Probability Space

A Probability Space is a Set Measure Space in which the Set Measure Function (the Probability Measure) over the entire Measurable Space (the Sample Space) equals One (μ(S)=1 or P(Ω)=1).

• Context:
  • It can be defined by the Triple (Ω, Ƒ, P), where:
    • Ω (a renaming of S) is a Sample Space.
    • Ƒ (a renaming of Σ) is an Sigma Field (as in a collection of events).
    • P (a renaming of μ) is a Probability Measure.
  • It can be:
    • a Discrete Probability Space.
    • a Continuous Probability Space.
• See: Random Variable, Sigma Field, Sample Space, Random Experiment Event.

References

• (Wikipedia, 2009) ⇒ http://en.wikipedia.org/wiki/Probability_space
  • A probability space, in probability theory, is the conventional mathematical model of randomness. This mathematical object, sometimes called also probability triple, formalizes three interrelated ideas by three mathematical notions. First, a sample point (called also elementary event), --- something to be chosen at random (outcome of experiment, state of nature, possibility etc.) Second, an event, --- something that will occur or not, depending on the chosen elementary event. Third, the probability of this event. The definition (see below) was introduced by Kolmogorov in the 1930s. For an algebraic alternative to Kolmogorov's approach, see algebra of random variables. Alternative models of randomness (finitely additive probability, non-additive probability) are sometimes advocated in connection to various probability interpretations.
  • A probability space is a measure space such that the measure of the whole space is equal to 1.
  • In other words: a probability space is a triple (Ω, F, P) consisting of a set Ω (called the sample space), a σ-algebra (also called σ-field) F of subsets of Ω (these subsets are called events), and a measure P on (Ω, F) such that P(Ω)=1 (called the probability measure).
  • Discrete Example 1: If the space concerns one flip of a fair coin, then the outcomes are heads and tails: Ω = {H,T}. The σ-algebra F = 2^Ω contains 2^2 = 4 events, namely, {H} : heads, {T} : tails, {} : neither heads nor tails, and {H,T} : heads or tails.
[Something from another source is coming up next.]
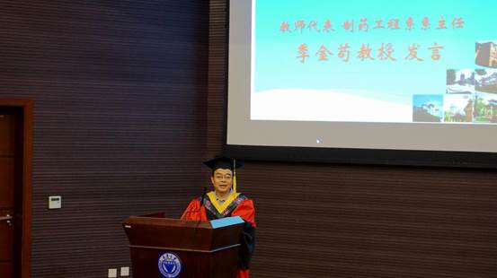 教师代表制药工程系系主任季金苟教授与所有毕业生一起回顾了重大发展过程,重温学习了耐劳苦,尚俭朴,勤学业,爱国家的成人AI

So, F = { {}, {H}, {T}, {H,T}}. There is a fifty percent chance of tossing either heads or tail: p(H) = p(T) = 0.5; thus P({H}) = P({T}) = 0.5. The chance of tossing neither is zero: P({})=0, and the chance of tossing one or the other is one: P({H,T})=1.
  • Discrete Example 2: The fair coin is tossed 3 times. There are 8 possibilities: Ω = {HHH, HHT, HTH, HTT, THH, THT, TTH, TTT} . The complete information is described by the σ-algebra F = 2^Ω of 2^8 = 256 events (just one of them: {HTT, THT}).

2008

• (Qian) => Gang Qian. (2008). Basic Probability Theory." Lecture Notes: AME 598 Sensor Fusion, Arizona State University, Fall 2008.
  • Probability Space {S,E,P}
    • S: Sample space, the space of the outcomes from a random experiment {o}
    • E: Event space, collection of subsets of the sample space, {A}
    • P: Probability measure of a event P(A), ranges [0,1], encoding how likely an event will happen.